Using discriminate unions with Map objects

Question

Consider this working typescript example that uses discriminated unions:

type Alpha = { name: "alpha"; alpha: 1}
type Beta = { name: "beta"; beta: 2}
type Letters = Alpha | Beta

const calculateAlpha = (cfg: Alpha): number => {
    return cfg.alpha
}
const calculateBeta = (cfg: Beta): number => {
    return cfg.beta
}

const CalculatorFactory1 = (cfg: Letters) => {
  switch (cfg.name) {
    case "alpha":
      return () => calculateAlpha(cfg)
    case "beta":
      return () => calculateBeta(cfg)
    default:
      throw new Error()
  }
}

I want to refactor this to make it more configurable by moving the switch statement into a map object. Something like this:

type LetterMap = Map<Letters["name"], (c: Letters) => number>
const letterMap: LetterMap = new Map([
    ["alpha", calculateAlpha],
    ["beta", calculateBeta]
])

const CalculatorFactory2 = (cfg: Letters) => {
    const func = letterMap.get(cfg.name)
    return func(cfg)        
}

However I can't figure out how to type letterMap, in this example I get the following error:

Property 'alpha' is missing in type 'Beta' but required in type 'Alpha'.

Typescript Playground Example

Answer 1

First, TypeScript doesn't by default recognize that a Map could be strongly typed so that each key corresponds to a different value type. A Map<K, V> is like Record<K, V> in that it treats all values as the same type. There are ways to try to encode different value types for Map in the type system (see Typescript: How can I make entries in an ES6 Map based on an object key/value type) but it's much, much easier to just use a plain object, since object types naturally represent such key-value type pairs. So let's make letterMap as a plain object like

const letterMap = {
    alpha: cfg => cfg.alpha,
    beta: cfg => cfg.beta
}

and work on how to use it the way you'd like.

---

TypeScript doesn't really support the concept of "correlated unions". If you have a value cfg of a discriminated union type Letters, and look up cfg.name in your letterMap map you will get a union of functions. And then if you try to call that union of functions by passing it cfg as an argument, the compiler will be unhappy. It doesn't understand that the union of functions and the union of arguments are correlated to each other such that the function and argument are appropriate for each other. Instead it treats them as independent unions, and therefore complains that you might be calling calculateAlpha with an Beta argument, or calculateBeta with an Alpha argument. See microsoft/TypeScript#30581 for more information.

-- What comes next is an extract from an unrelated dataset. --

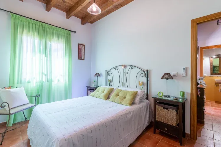 La planta baja de la vivienda también cuenta con un dormitorio con cama de matrimonio, armario abierto y equipo de aire acondicionado frio/calor. Además, un pequeño baño con ducha.
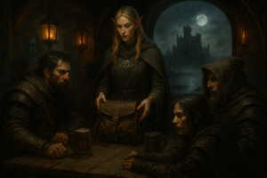 Elro’s real concern was a dwarf woman named Tugli Lutan, spotted just days ago showing similar symptoms as Urgon. She refused all help and barricaded herself in her cabin. If this sickness was spreading, it needed to be contained—and investigated. For 100 gold upfront and 250 more on resolution, Elro tasked the party with finding the source.

The recommended approach to deal with correlation unions, as described in microsoft/TypeScript#47109, is to refactor to replace the union with generics. The technique involves encoding the underlying relationship you need the compiler to track as a base interface, and then writing operations on this type as generic indexes into this interface or mapped types over that interface.

In your case, the base interface looks like this:

interface LetterMapping {
    alpha: { alpha: 1 },
    beta: { beta: 2 }
}

And then we can redefine your Letters type as a mapped type over it:

type Letter<K extends keyof LetterMapping = keyof LetterMapping> =
    { [P in K]: { name: P } & LetterMapping[P] }[K]

This is a distributive object type, so Letter<"alpha"> and Letter<"beta"> correspond to your original Alpha and Beta types:

type Alpha = Letter<"alpha">;
type Beta = Letter<"beta">;

and Letter<"alpha" | "beta"> corresponds to your original Letters discriminated union type (and we can just write Letter for that, since "alpha" | "beta" is the default type argument).

Now letterMap's type needs to be explicitly annotated as another mapped type over LetterMapping:

const letterMap: { [K in keyof LetterMapping]:
    (cfg: Letter<K>) => number } = {
    alpha: cfg => cfg.alpha,
    beta: cfg => cfg.beta
}

And now we can write calculatorFactory as a generic function like this:

const calculatorFactory = <K extends keyof LetterMapping>(
    cfg: Letter<K>
) => letterMap[cfg.name](cfg); // okay

Here the compiler sees cfg.name as having the non-union generic type K. And because letterMap's annotated type is a mapped type over the base interface, when we look up letterMap[cfg.name] we get the non-union generic type (cfg: Letter<K>) => number. And this function expects an argument of type Letter<K>, which is exactly the type of cfg. So letterMap[cfg.name](cfg) compiles with no error, and is seen to be of type number, as desired.

And callers will also see reasonable behavior:

calculatorFactory({ name: "alpha", alpha: 1 });
/* <"alpha">(cfg: { name: "alpha"; } & { alpha: 1; }) => number */
calculatorFactory({ name: "beta", beta: 2 });
/* <"beta">(cfg: { name: "beta"; } & { beta: 2; }) => number */

Here the compiler is able to infer that K is "alpha" for the first call and "beta" for the second. They both return number, so in some sense it doesn't matter, but you could imagine changing the functions so that the return type was also looked up in a base interface:

interface LetterReturn {
    alpha: boolean,
    beta: string
}

const letterMap: { [K in keyof LetterMapping]:
    (cfg: Letter<K>) => LetterReturn[K] } = {
    alpha: cfg => Math.random() < (cfg.alpha / 2),
    beta: cfg => cfg.beta.toFixed(2)
}

const a = calculatorFactory({ name: "alpha", alpha: 1 });
/* const a: boolean */
const b = calculatorFactory({ name: "beta", beta: 2 });
/* const b: string */

which is nice.

Playground link to code